**DATA BELOW**
———
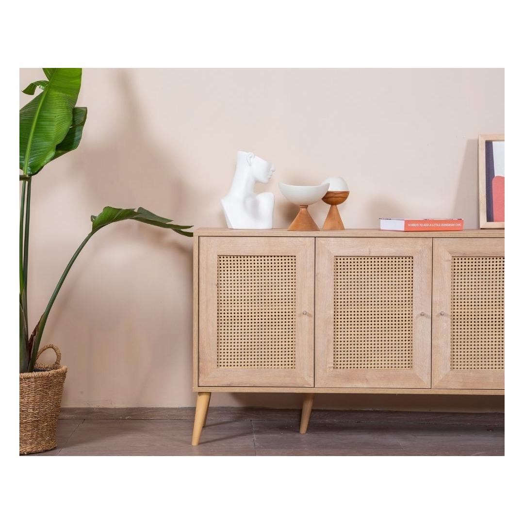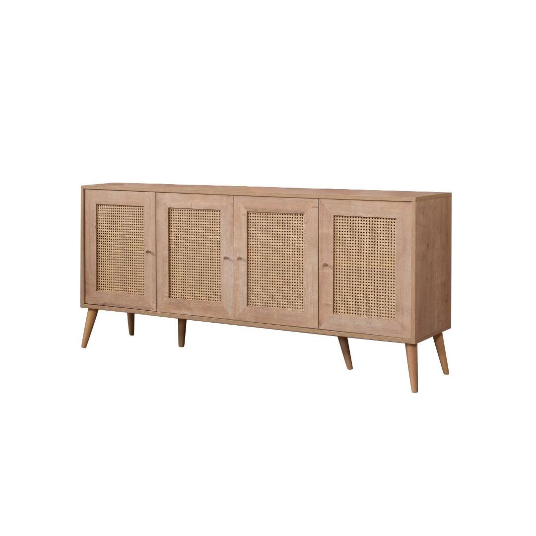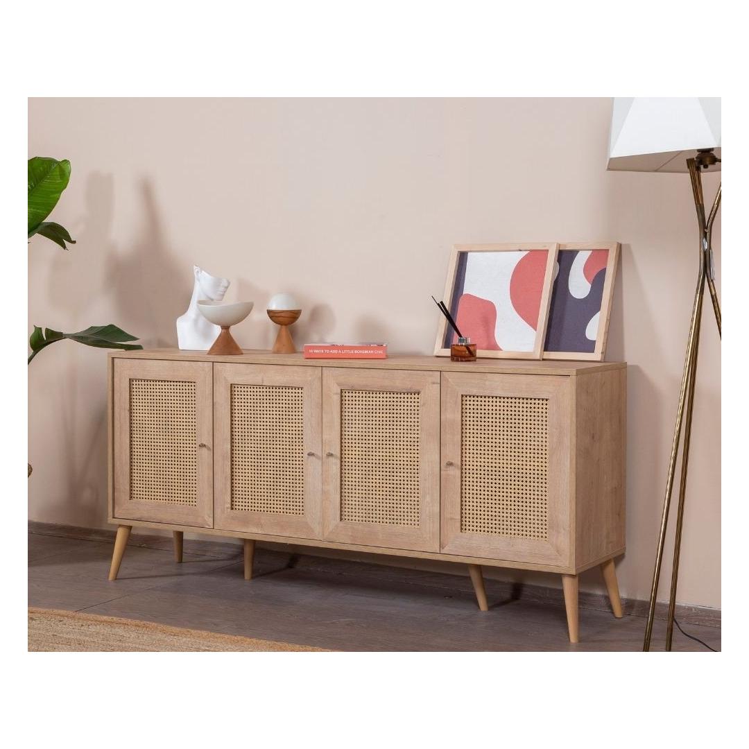 Konsoolil on 100% melamiinkattega puitlaastplaadist korpus ja 100% MDF-ust, mis tagab vastupidavuse ja pikaealisuse. Laius on 180 cm, kõrgus 80 cm ja sügavus 41 cm, pakkudes piisavalt hoiuruumi kõigi sinu oluliste asjade jaoks. Rohked riiulid pakuvad mugavaid hoiustamisvõimalusi, samas kui pehmelt sulguvad uksed lisavad disainile luksuslikku puudutust.
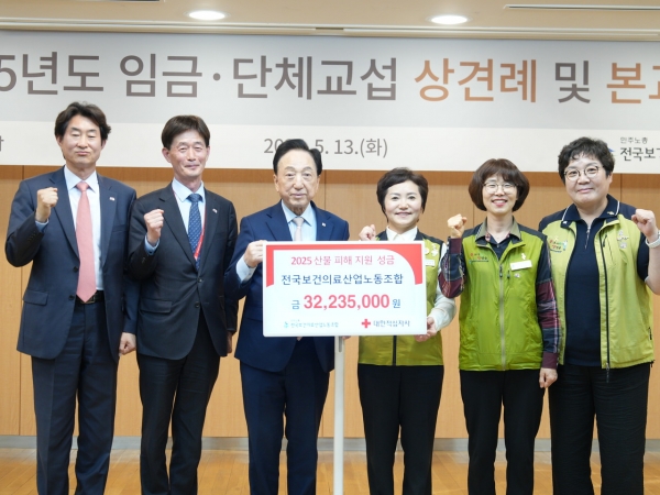 최희선 위원장은 전달식에서 “산불로 고통받는 이재민들에게 작은 위로가 되길 바란다”며 “전국보건의료산업노동조합(이하 ‘보건의료노조’)은 국민 건강은 물론, 사회적 위기에도 함께하는 조직이 되겠다”고 밝혔다.김철수 회장은 “보건의료노조에서 모아주신 성금은 피해 지역의 회복과 재건을 위해 소중히 사용하겠다”며 “대한적십자사는 앞으로도 도움이 필요한 이웃을 위해 지속적인 구호 활동을 이어가겠다”고 전했다. 한편, 보건의료노조는 2022년 동해안 산불 피해 지원 성금, 튀르키예 지진 피해 복구 성금 등 대한적십자사를 통해 총 57백만 원을 기부한 바 있다.
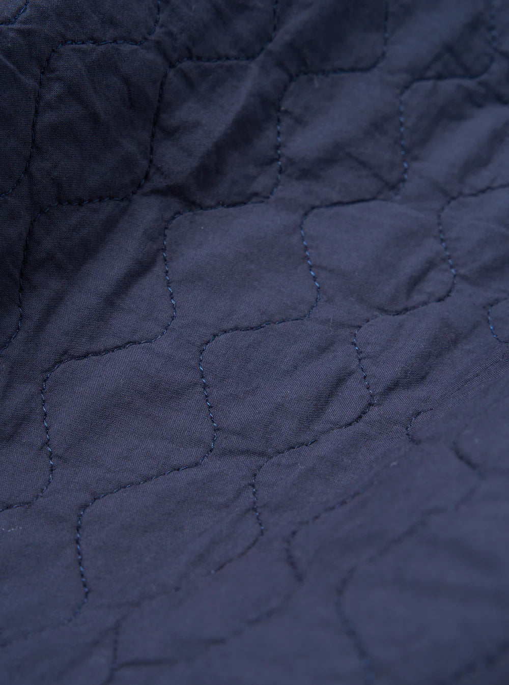 A cotton poplin style fabric with a smooth surface hand feel. Quilted in an onion pattern with a light-ish-weight polyester filling.
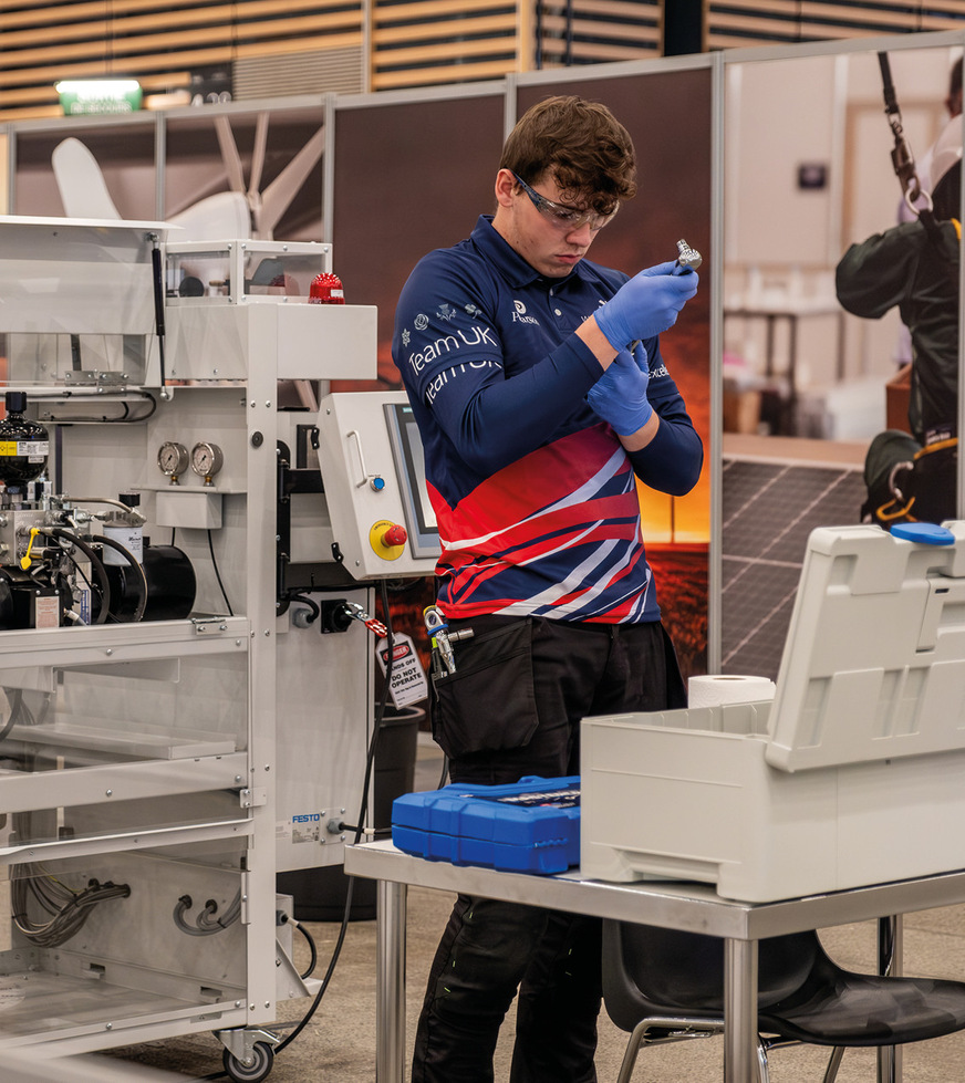 Chris Turnbull von WorldSkills UK unterstreicht die für Großbritannien wichtigsten Aspekte zur Teilnahme an den WorldSkills-Wettbewerben: „Die Wettbewerbe ermöglichen es, unsere Kompetenzen mit internationalen Best Practices zu vergleichen. Außerdem können wir Ausbildungsprogramme gestalten, die die höchsten Industriestandards widerspiegeln, und zukünftige Fachkräfte ausbilden, die für die Industrie bereit und weltweit wettbewerbsfähig sind.“ Gleichzeitig leistet Großbritannien einen Beitrag zum weltweiten Austausch über den Bereich der erneuerbaren Energien und die Weiterentwicklung von Arbeitskräften. „Mit unserem Engagement stellen wir sicher, dass die britischen Ausbildungsprogramme weiterhin auf die Bedürfnisse der Industrie abgestimmt sind und gleichzeitig eine zentrale Rolle bei der weltweiten Weiterentwicklung von Lösungen für erneuerbare Energien spielen“, so Turnbull.
———
**YOUR OBJECTIVE**
Beginning with the line containing "A cotton poplin" and ending with the last line of the data, output those lines exactly and nothing more. Omit every picture.

**WRITTEN ANSWER**
 A cotton poplin style fabric with a smooth surface hand feel. Quilted in an onion pattern with a light-ish-weight polyester filling.
 Chris Turnbull von WorldSkills UK unterstreicht die für Großbritannien wichtigsten Aspekte zur Teilnahme an den WorldSkills-Wettbewerben: „Die Wettbewerbe ermöglichen es, unsere Kompetenzen mit internationalen Best Practices zu vergleichen. Außerdem können wir Ausbildungsprogramme gestalten, die die höchsten Industriestandards widerspiegeln, und zukünftige Fachkräfte ausbilden, die für die Industrie bereit und weltweit wettbewerbsfähig sind.“ Gleichzeitig leistet Großbritannien einen Beitrag zum weltweiten Austausch über den Bereich der erneuerbaren Energien und die Weiterentwicklung von Arbeitskräften. „Mit unserem Engagement stellen wir sicher, dass die britischen Ausbildungsprogramme weiterhin auf die Bedürfnisse der Industrie abgestimmt sind und gleichzeitig eine zentrale Rolle bei der weltweiten Weiterentwicklung von Lösungen für erneuerbare Energien spielen“, so Turnbull.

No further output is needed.